Whilst it may seem like a fairly unimportant story at first, it does perhaps highlight a continuing problem with the curriculum, in that it teaches teenage students that sex isn’t about pleasure. The only legal requirement for sex education schools have is to teach about reproduction. There is no requirement to teach about sex for pleasure, sex for gay people or non-binary/transgender people who may not feel comfortable having sex in the body they have been given. The argument from many LGBTQ+ people is that, for example, sex toys are particularly important, and that removing sex positive and inclusive content is reducing sex to reproductive uses and creating a shame culture around other types of sex or sex for other reasons. This shows that whilst Clause 28 may have been officially removed from schools, some of its regressive attitudes still remain.
According to the British Social attitudes report in 1987, 3/4 British people ‘disapproved’ of same sex relationships. The same year every household received sombre leaflets warning “don’t die of ignorance”, and 9 out of 10 people thought there was something wrong with sexual relations between two adults of the same sex. Whilst tolerance and understanding has increased every year since, that does not mean that certain attitudes do not remain. David Cameron may have legalised gay marriage in 2014, but as an MP, Cameron repeatedly attacked Labour’s plans to abolish Clause 28 and accused Blair of being “anti-family” and wanting the “promotion of homosexuality in schools’, before voting against its repeal in 2003. In a similar fashion, five of the current government cabinet, including prominent figures Gavin Williamson and Priti Patel, voted against the legalisation of gay marriage. Moreover, 16 out of 22 cabinet MPs, including Prime Minister Boris Johnson, were absent in the House of Commons vote to allow same-sex marriage in Northern Ireland in 2019. The British Social attitudes report in 2018 showed that the proportions of British people who support premarital sex and same-sex relations fell for the first time since 1987. For Transgender people this is 10% lower, with 82% of people fairly or totally comfortable with a transgender person as a neighbour, manager, GP, or Prime Minister.

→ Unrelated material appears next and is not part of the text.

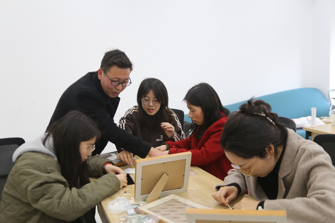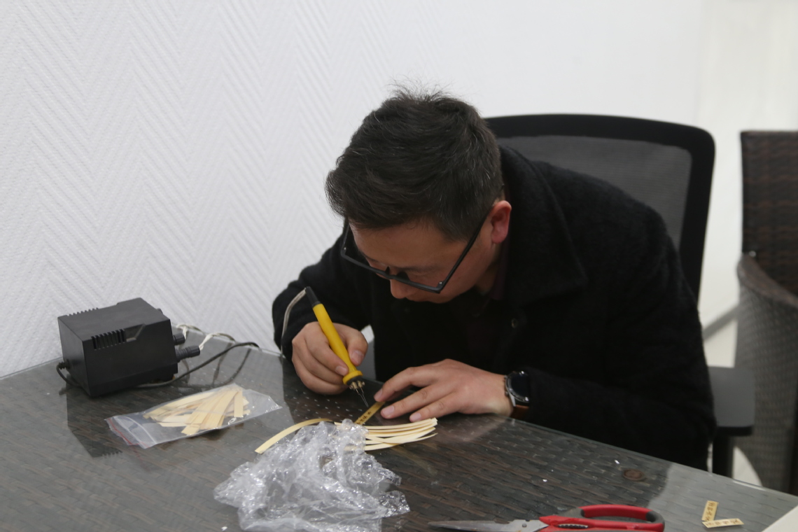 实践环节中,女教师以芦苇为媒进行主题创作。李辉联合公司青年创业团队特别准备了预处理的芦苇材料与环保黏合剂,通过粘贴、烙刻等技法,将"芳华传家"化作立体画卷。

Attitudes are better but setbacks in education can retain stigma and produce damaging consequences for school children that can have effects for the rest of their lives. British attitudes and governance have come a long way since teachers like Ash Mukherjees were told to censor library books, but the censoring of blogs may be too reminiscent of those times. Whether it be in media, politics, or education, it is important that people are taught that they do have ‘an inalienable right to be gay’, and this fact must be fought and protected so that future generations do not have to live in fear like those in the 1980s.